Unusual and interesting toilets from all around the world.

Greek Toilets — Toilets of the Mainland

Greek Toilets
Ελληνική τουαλέτες

I've been to Greece a number of times. They may have invented western civilization a couple of millennia back, but their plumbing suggests that they've slipped downhill since. Greece seems to me to have the worst public toilets in Europe. Let's take a tour, visiting Greek toilets in hostels and budget hotels, at a monastery, on trains and buses, and public lavatories around the country.

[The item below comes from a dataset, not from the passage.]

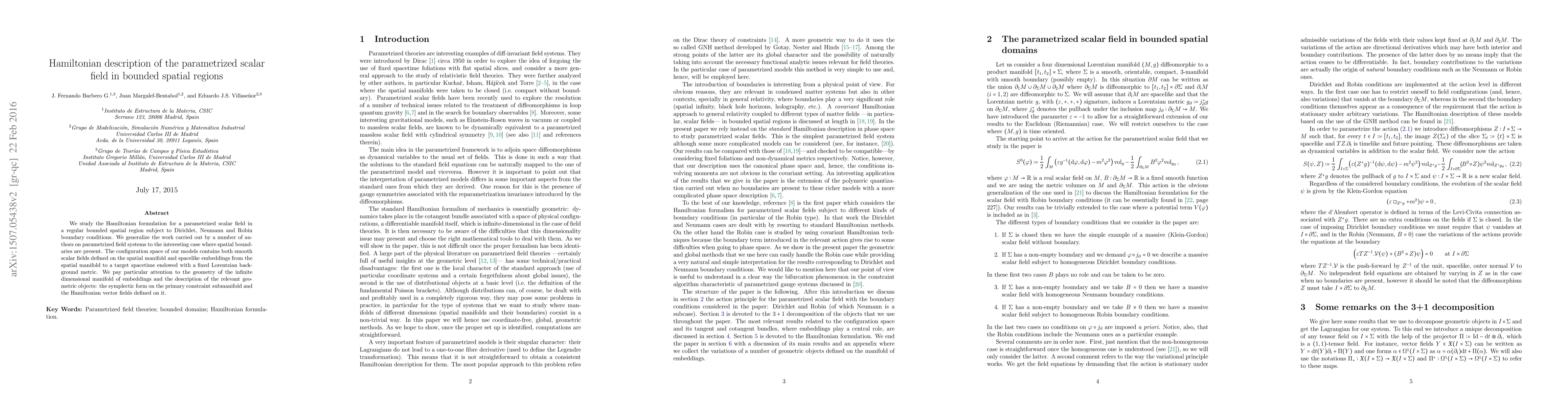This paper explores the Hamiltonian formulation for a parametrized scalar field in bounded spatial regions, considering Dirichlet, Neumann, and Robin boundary conditions. It focuses on the geometry of the infinite-dimensional manifold of embeddings and the symplectic form on the primary constraint submanifold.

This page has modern Greek toilets on the mainland. See the Historical Toilets section of the site for several categories of Ancient Greek toilets, and see the Greek Islands page for toilets of the Aegean Sea.

Greece is well to the east of the Paper Curtain, the Bowl-Bin Dividing Line. All toilet paper should be placed in the waste bin and not put into the toilet. Click here for further details on this important tissue issue.

Greek Toilet Logistics:

First, make sure that you can find the correct toilet!

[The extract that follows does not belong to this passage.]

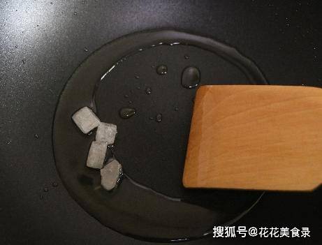 第四步,中小火开始慢慢的煸炒笋干,直到将其中的水分给炒干,笋干的香味散发出来后,即可盛出,重新将锅烧热之后,加上适量的花生油,放入15克的冰糖,小火不停地翻炒,直至冰糖融化且出现比较大的气泡的时候;

Where is the toilet? Πού είναι η τουαλέτα;
MEN ΑΝΔΡΩΝ
WOMEN ΓΥΝΑΙΚΩΝ

The Προαστιακος or Proastiakos is the regional train, connecting Athens to its airport and running as far as the nearby city of Korinthos.

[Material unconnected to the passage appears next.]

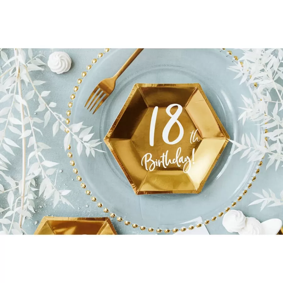 Χάρτινα πιάτα γλυκού "18th Birthday" χρυσά - 6τμχ.

The Proastiakos runs about every 60 minutes in the middle of the day, so you will probably have to wait some time for a train. This is the toilet on the platform in one of the stations. Below is the graffiti-plagued train on the platform and a εισιτηριο προαστιακος.

Toilet in Proastiakos train station in Athens, Greece.
Proastiakos train station in Athens, Greece. Proastiakos train ticket in Athens, Greece.

This is one of the toilets in the Travelers' and Students' Inn, a hostel in Athens.

Typical Greek toilet in the Students' and Travelers' Inn, in Athens.
Typical Greek toilet in the Students' and Travelers' Inn, in Athens.

Since most of the people staying there are unfamiliar with some of the peculiarities of Greek toilets, they have a helpful sign.

'Press rapidly to flush (works with air pressure)' -- Sign above a typical Greek toilet in the Students' and Travelers' Inn, in Athens.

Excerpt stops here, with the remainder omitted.